## Task to complete
Although the records include pictures, the copy should not; write out exactly the lines from the first through the line with "ရွှေမိုး၊ ငွေမိုးများ ရွာသွန်းဖြိုးကြသည်။".

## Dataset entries
......
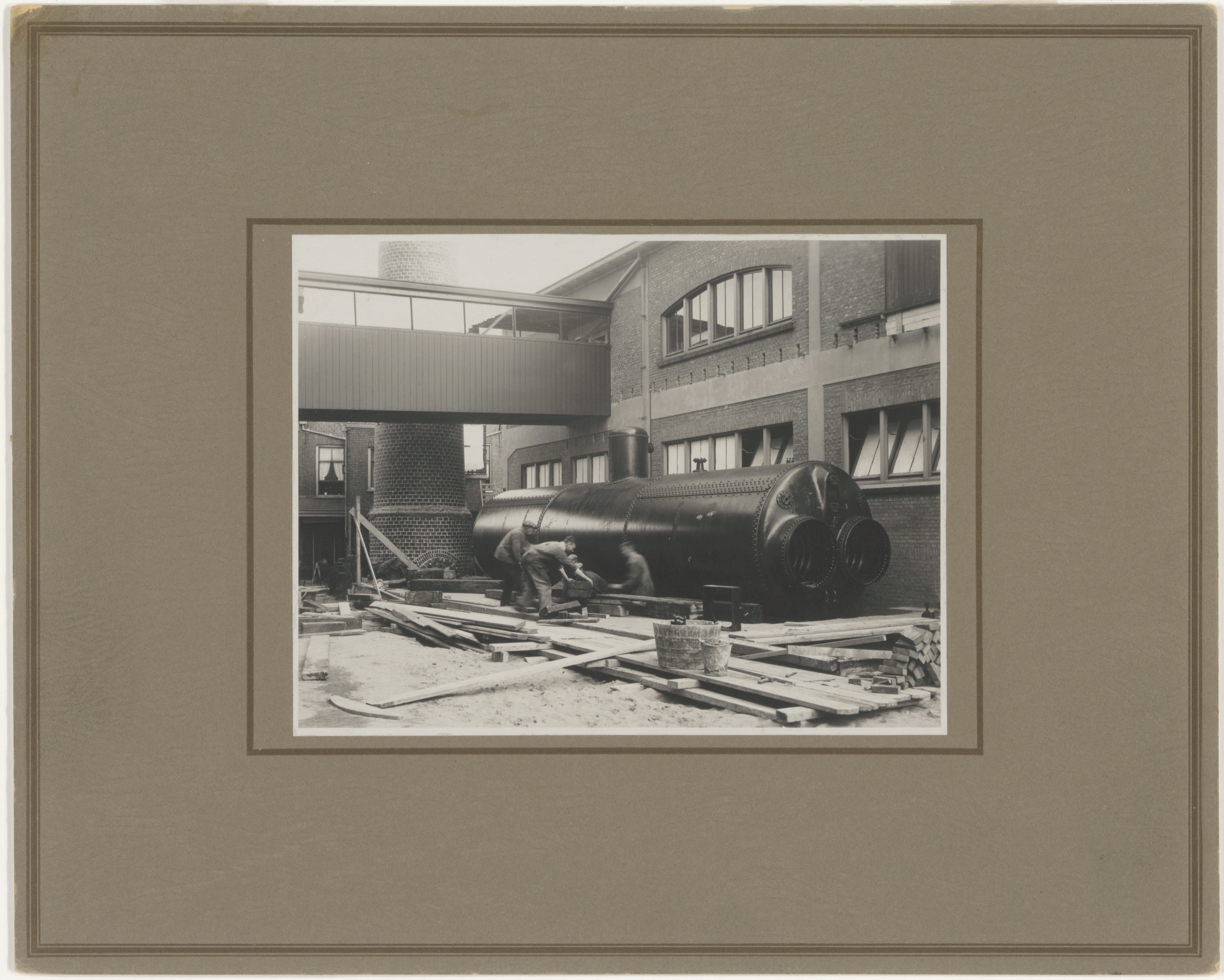 Na het stellen werd het ketelhuis er omheen gebouwd. Het betreft de ketel behorende bij de rechtse schoorsteen op afbeelding 552_405851.
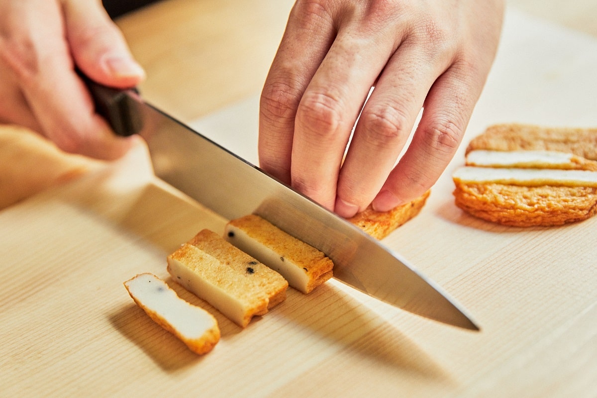 「あげかま」は白身魚のすり身に海老や青のりを混ぜ、新鮮な米油で揚げています。米油は酸化しにくく、油くささがなくさっぱりな後味に。
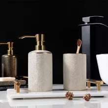 - Four-Piece Set: Includes a soap dispenser, two tumblers, and a soap dish to cover all your bathroom needs in one elegant set.
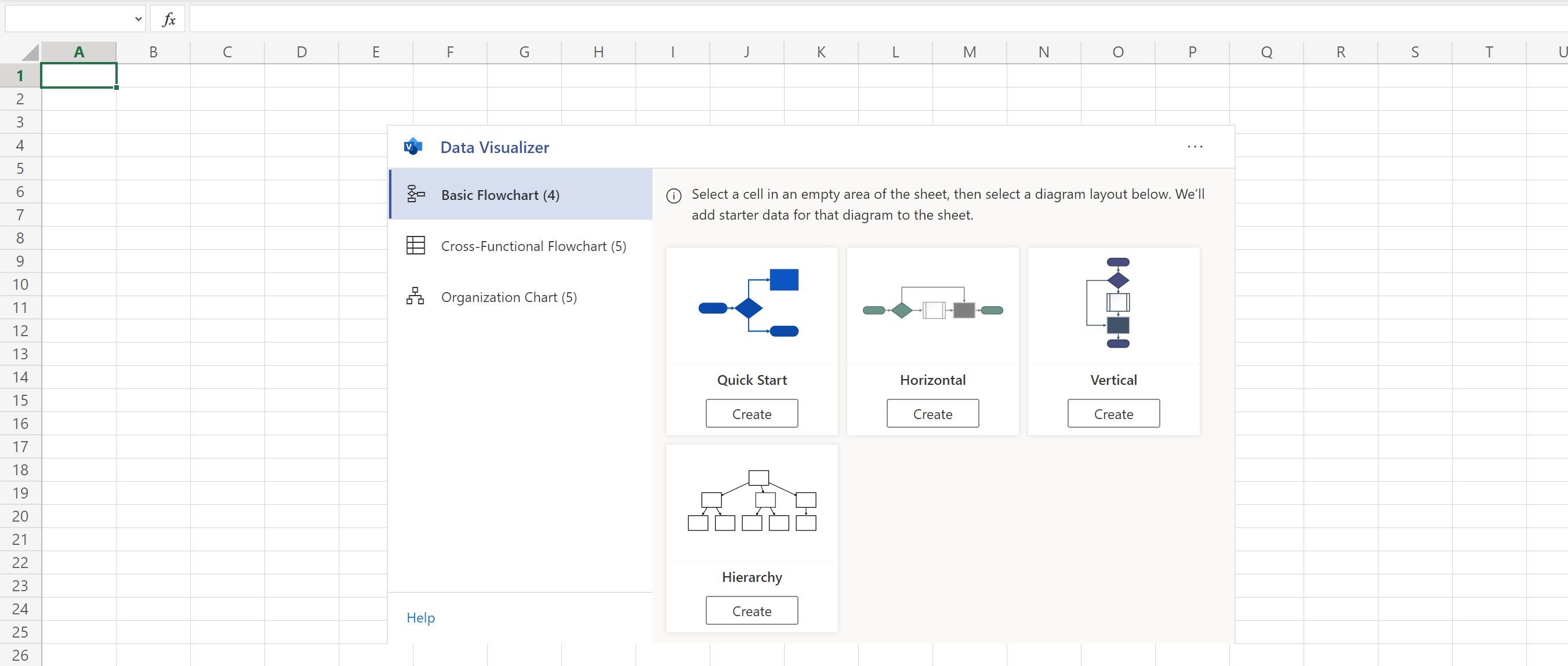 Or, launch Microsoft Excel in a browser and follow these steps: Insert > Add-ins > Microsoft Visio Data Visualizer.
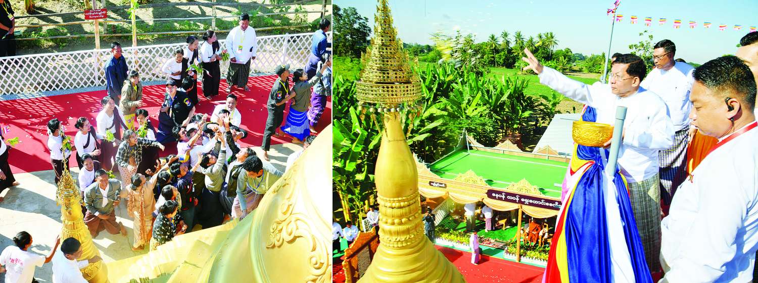 ယင်းနောက် နိုင်ငံတော်စီမံအုပ်ချုပ်ရေးကောင်စီဥက္ကဋ္ဌ နိုင်ငံတော်ဝန်ကြီးချုပ်နှင့်ဇနီးတို့က မဟာမင်္ဂလာအခမ်းအနား အောင်မြင်ခြင်းအထိမ်းအမှတ်အဖြစ် ရတနာ ရွှေမိုး၊ ငွေမိုးများ ရွာသွန်းဖြိုးကြသည်။
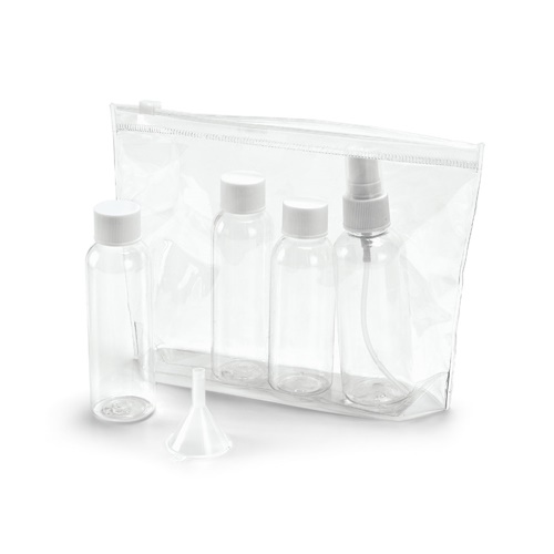 Sacchetto ermetico per cosmetici in PVC. Include 3 flaconcini (2 x 65 mL e 60 mL), 1 vaporizzatore (80 mL) e 1 imbuto. Adatto per il trasporto in cabina. 190 x 155 x 40 mm
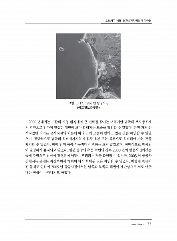 ii. 소황사구 생태·경관보전지역의 무기환경 www.nie.re.kr ? 77 그림 ⅱ-17. 1996 년 항공사진 국토정보플랫폼 2000 년대에는 기존의 지형 환경에서 큰 변화를 찾기는 어렵지만 남쪽의 부사방조제 의 영향으로 인하여 인접한 해빈이 보다 확대되는 모습을 확인할 수 있었다. 한편 과거 간 석지였던 지역은 군사시설의 이용에 따라 크게 모습이 변하고 있는 것을 확인할 수 있었 으며, 전반적으로 남쪽의 식피제거지역이 점차 초본 또는 목본으로 식피되어 가는 것을 확인할 수 있었다. 이에 반해 북쪽 사구지대의 변화는 크지 않았으며, 전반적으로 방사림 이 일정하게 유지되고 있었다. 한편 중앙의 수문 주변의 경우 2000 년의 항공사진에서는 돌제 주변으로 침식이 진행되어 해빈이 후퇴되는 것을 확인할 수 있...
......
## Your response
 Na het stellen werd het ketelhuis er omheen gebouwd. Het betreft de ketel behorende bij de rechtse schoorsteen op afbeelding 552_405851.
 「あげかま」は白身魚のすり身に海老や青のりを混ぜ、新鮮な米油で揚げています。米油は酸化しにくく、油くささがなくさっぱりな後味に。
 - Four-Piece Set: Includes a soap dispenser, two tumblers, and a soap dish to cover all your bathroom needs in one elegant set.
 Or, launch Microsoft Excel in a browser and follow these steps: Insert > Add-ins > Microsoft Visio Data Visualizer.
 ယင်းနောက် နိုင်ငံတော်စီမံအုပ်ချုပ်ရေးကောင်စီဥက္ကဋ္ဌ နိုင်ငံတော်ဝန်ကြီးချုပ်နှင့်ဇနီးတို့က မဟာမင်္ဂလာအခမ်းအနား အောင်မြင်ခြင်းအထိမ်းအမှတ်အဖြစ် ရတနာ ရွှေမိုး၊ ငွေမိုးများ ရွာသွန်းဖြိုးကြသည်။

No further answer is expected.